MATERIAL PROVIDED

......

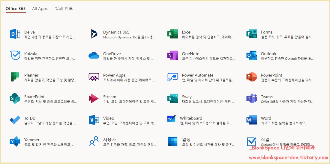 제가 사용 중인 Office 365를 보시면 아래와 같습니다. 굉장히 많은 앱을 제공하고 있죠? 물론, 저처럼 사무 작업이 별 필요가 없는 사람에게는 사치스러운(?) 앱들이 많긴 합니다. 하지만, 아래 앱들이 필요한 사람이라면 Office 365도 사용해볼 만하다고 생각합니다.
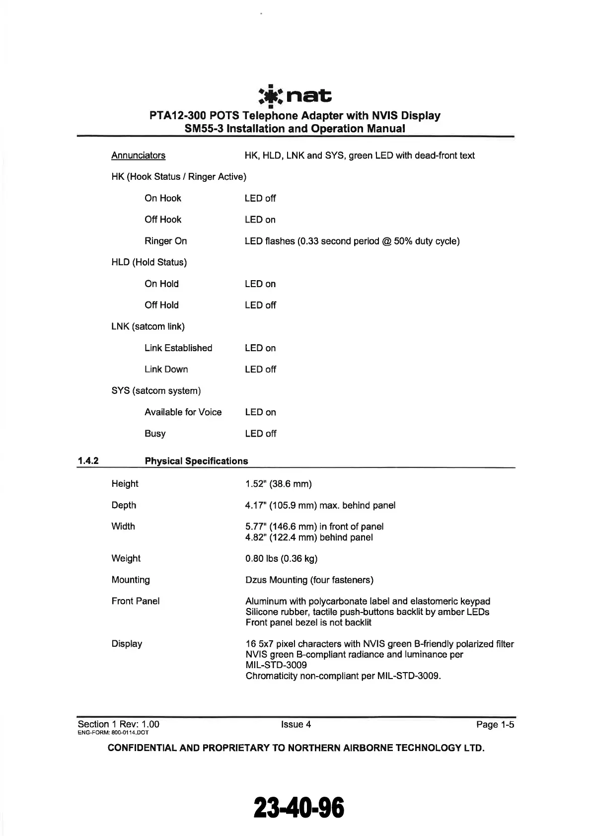 Nat PTA12-300 - Physical Specifications
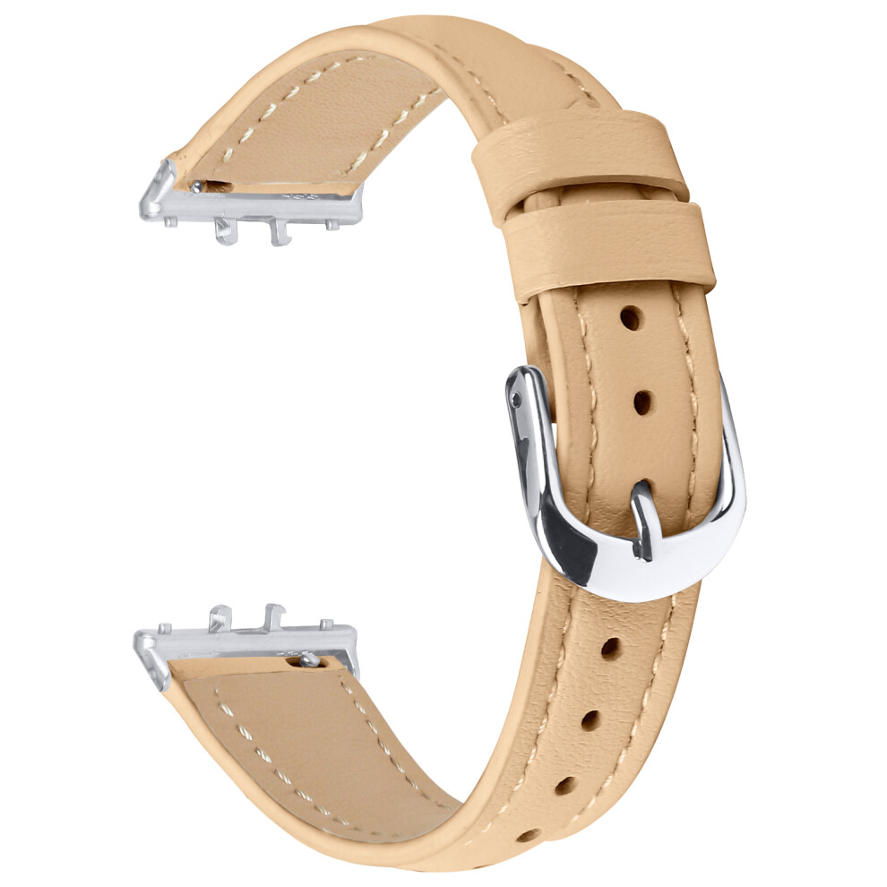 (Apricot) For Samsung Galaxy Fit3 Watch Band Slim Genuine Cow Leather Strap with Silver Buckle
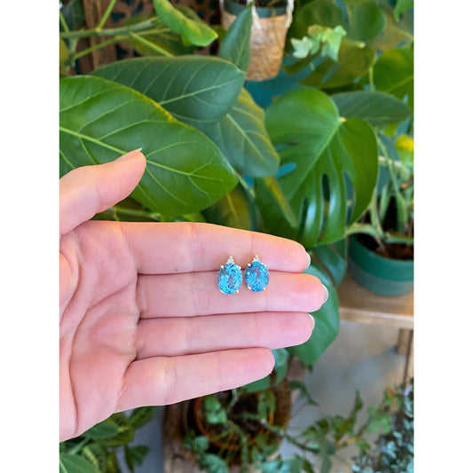 Vintage Solid 14k Yellow Gold Diamond Topaz Stud Earrings
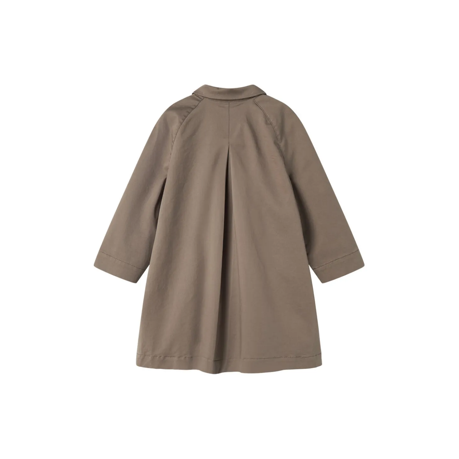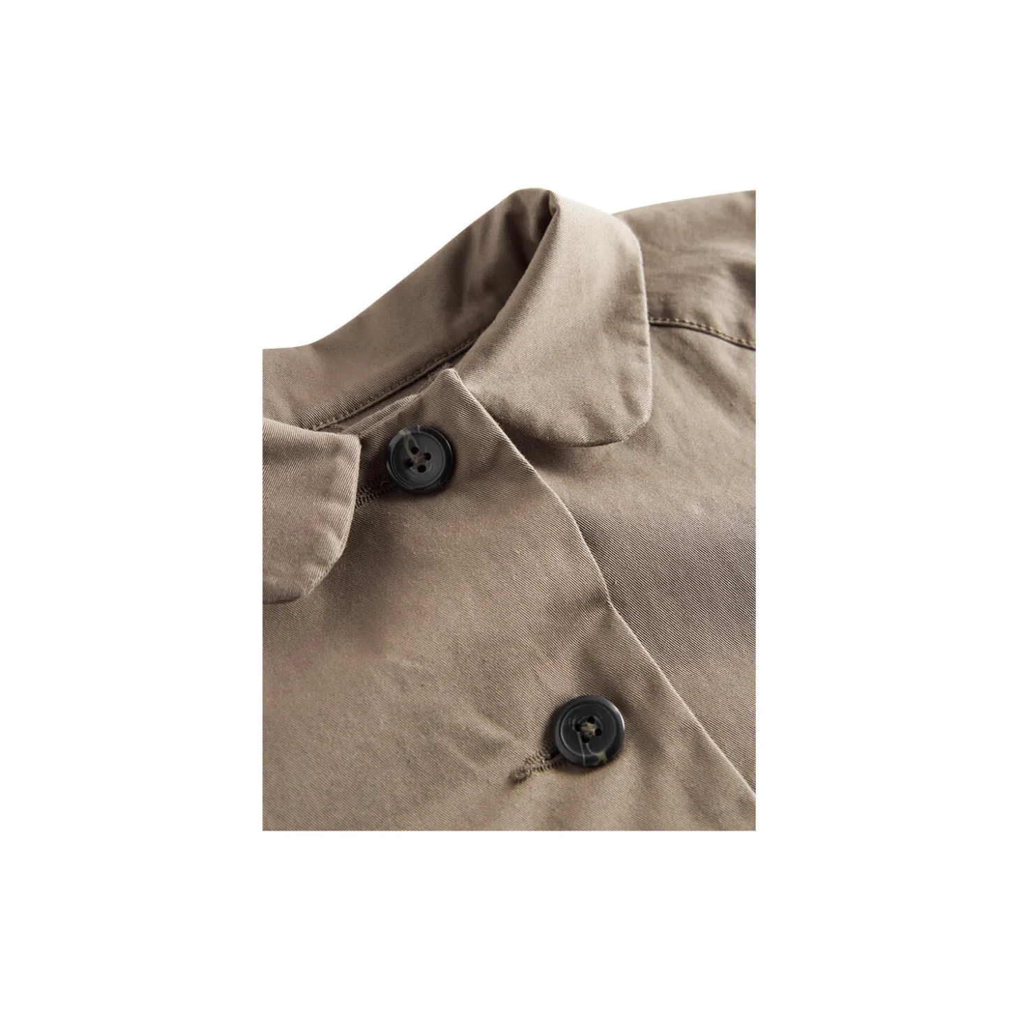 Enkel og klassisk frakke med A-form snit, rund krave og knaplukning foran. Frakken har to lommer foran.
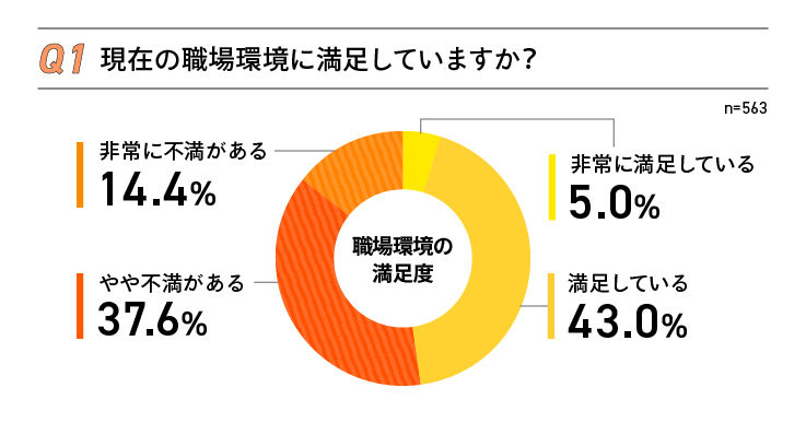 「非常に不満がある」「やや不満がある」が合わせて52%を占めており、多くの職場が職場環境の課題を抱えているとみられる。
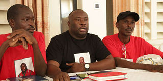 Kisumu All Stars CEO Nicholas Ochieng’ (centre) addresses a presser on the sidelines of a meeting with club representatives at a hotel in Kisumu on January 26, 2020.
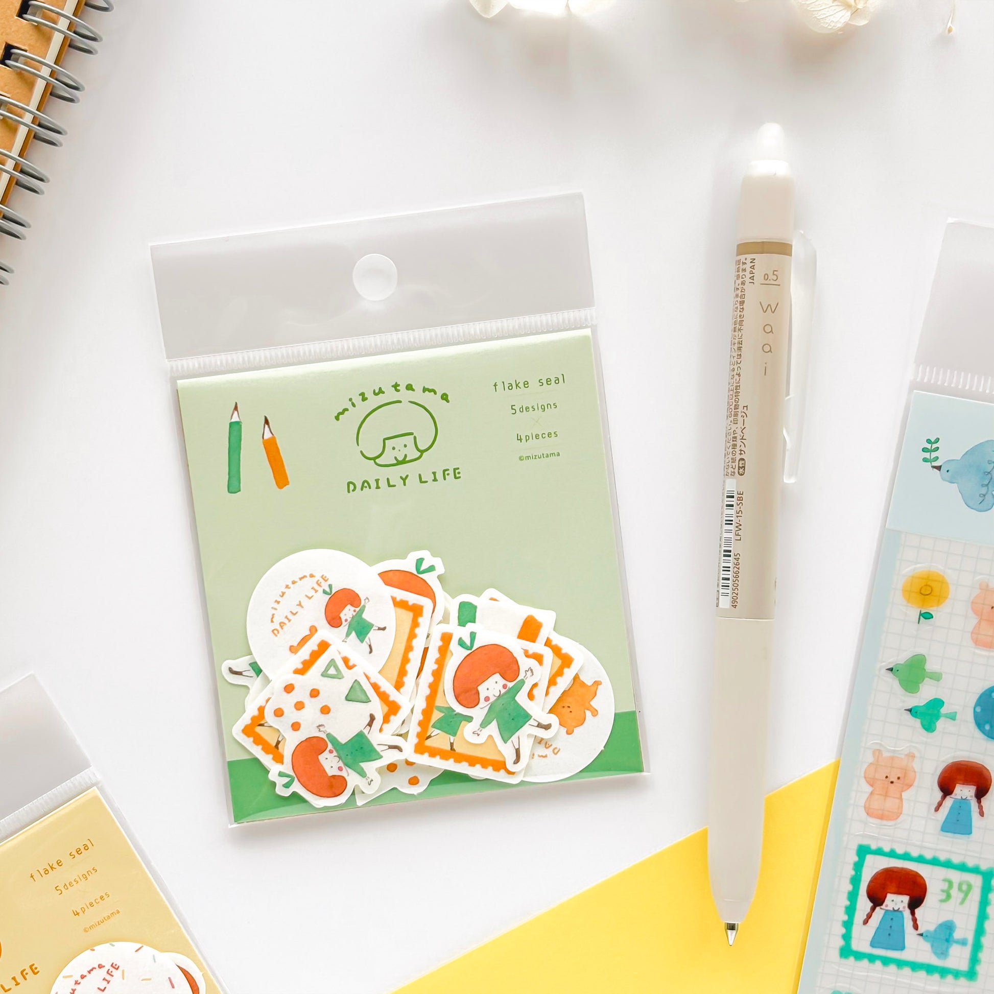 大人気作家mizutamaさんデザインの、おかっぱちゃんと「ちいさなしあわせ」を探しに行くDAILY LIFEシリーズから、和紙フレークシールが登場。お手紙やプレゼントの封留め、手帳デコにおすすめです。裏はスリット入りで剥がしやすくなっています。風合いのある美濃和紙を使用し、柔らかな手触りを感じながらお使いいただけます。
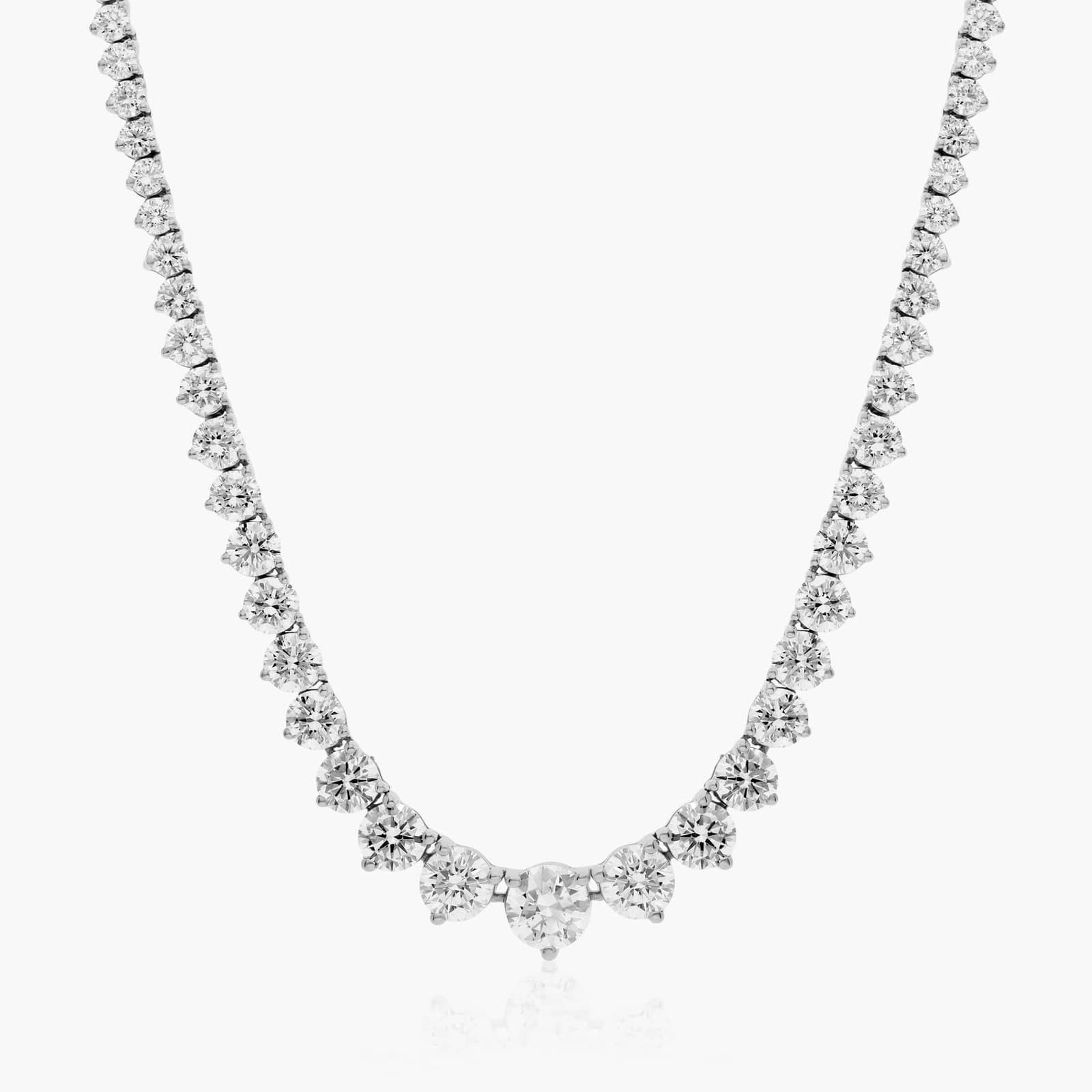 A dazzling array of round brilliant diamonds gracefully graduate towards the center. This luxurious and elegant tennis necklace features three prong settings and a box catch with hidden safety.
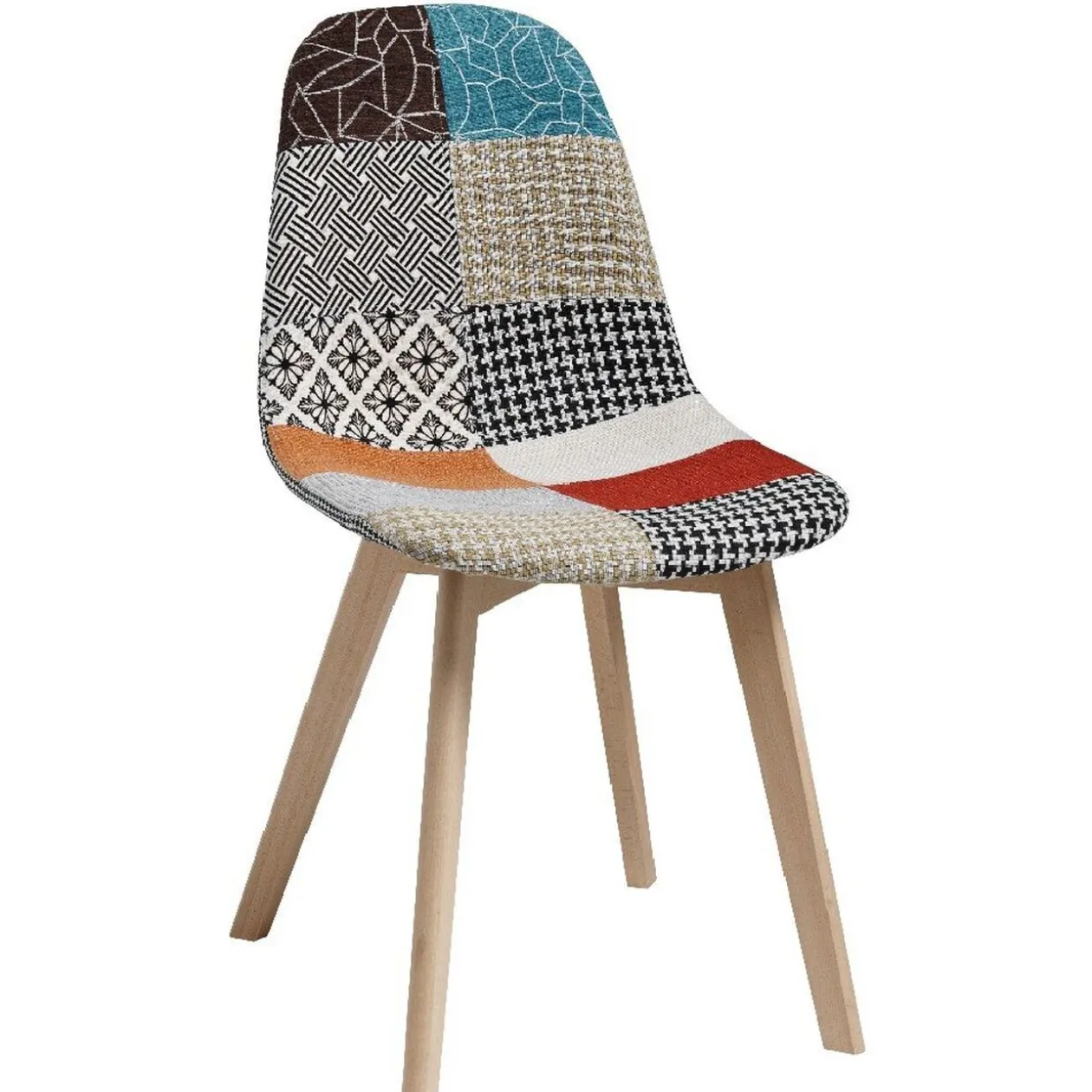 Lot de 2 chaises au style scandinave et patchwork au tissu 100% polyester multicolore. Une assise confortable en contreplaqué garnie en mousse de polyuréthane.

......

WHAT YOU HAVE TO DO
In the copy, include each line from the start of the material through the line with "Kisumu All Stars", word for word, but none of the pictures.

WRITTEN RESPONSE
 제가 사용 중인 Office 365를 보시면 아래와 같습니다. 굉장히 많은 앱을 제공하고 있죠? 물론, 저처럼 사무 작업이 별 필요가 없는 사람에게는 사치스러운(?) 앱들이 많긴 합니다. 하지만, 아래 앱들이 필요한 사람이라면 Office 365도 사용해볼 만하다고 생각합니다.
 Nat PTA12-300 - Physical Specifications
 (Apricot) For Samsung Galaxy Fit3 Watch Band Slim Genuine Cow Leather Strap with Silver Buckle
 Vintage Solid 14k Yellow Gold Diamond Topaz Stud Earrings
 Enkel og klassisk frakke med A-form snit, rund krave og knaplukning foran. Frakken har to lommer foran.
 「非常に不満がある」「やや不満がある」が合わせて52%を占めており、多くの職場が職場環境の課題を抱えているとみられる。
 Kisumu All Stars CEO Nicholas Ochieng’ (centre) addresses a presser on the sidelines of a meeting with club representatives at a hotel in Kisumu on January 26, 2020.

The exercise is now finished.